Así que retomé mi labor de community manager, y dentro del mismo departamento de mercadeo, que funcionaba como una agencia “in-house”, nos repartimos las tareas y las redes sociales.

Aunque aún sentía que no lograba lo que yo con obstinación perseguía, esta fase me llenó de satisfacción: había logrado involucrar a un equipo, ya empezábamos a hablar el mismo idioma, mi proyecto era visible.

Esta visibilidad se hizo más notoria cuando me invitaron a formar parte de los equipos encargados de homologar normas y procedimientos entre todos los países donde la cadena está presente. Mi función era aportar la humilde experiencia de Venezuela a los otros países donde, gracias a la libertad de la que gozaban, incluso con economías muy pequeñas, podían tomar más riesgos.

 

Al final queda un aprendizaje

Me hubiera gustado concluir esta historia con un gran “exitazo”, decir que mi idea llevó a una empresa a tener un poderoso ecosistema digital. No obstante, esta es una historia de inconformismo, de apostar al cambio, sin garantías de nada, y eso era lo que te quería transmitir.

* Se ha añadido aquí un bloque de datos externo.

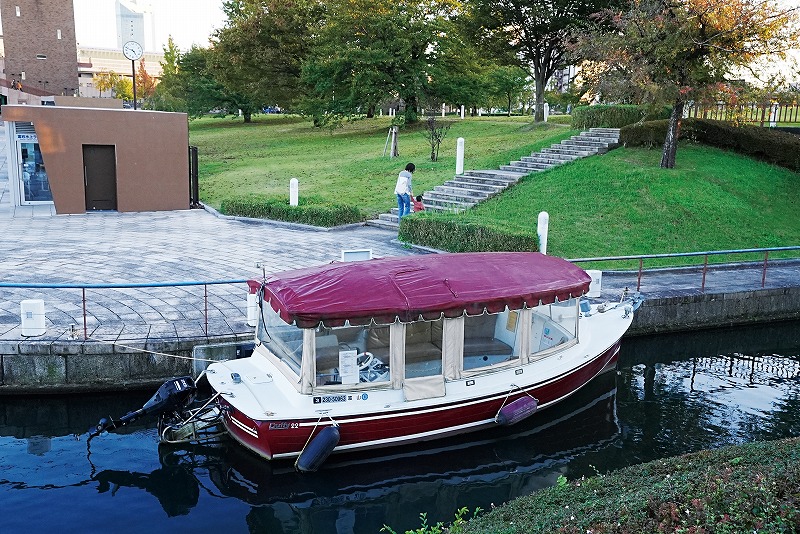 運河クルーズの初代ボート、〈もみじ〉。赤い屋根と船体がかわいい定員11名のコンパクトサイズの電動ボート。今も現役で活躍している

De esta experiencia aprendí:

  • Hay que atreverse. Si tienes una idea, véndela y lucha por ella.
  • No esperes siempre el pago extra, la bonificación porque a ti te contrataron solo para hacer lo que estás haciendo. No seas egoísta contigo mismo. Tantea el terreno, y si ves que hay apertura, aunque sea un pequeño resquicio, aprovecha la oportunidad. Sea cual sea el resultado de ese emprendimiento interno, al final te quedará un aprendizaje.
  • Las reuniones eternas de análisis y discusiones casi nunca sirven de nada, especialmente en el campo del mercadeo digital. Es un mundo que cambia constantemente, creo que mucho más rápido que otras disciplinas, por lo que lo que pensaste que era una idea genial este mes, el otro ya no lo será tanto.
  • Obsesiónate con tu idea y continúa aprendiendo. Eso nadie te lo podrá arrebatar.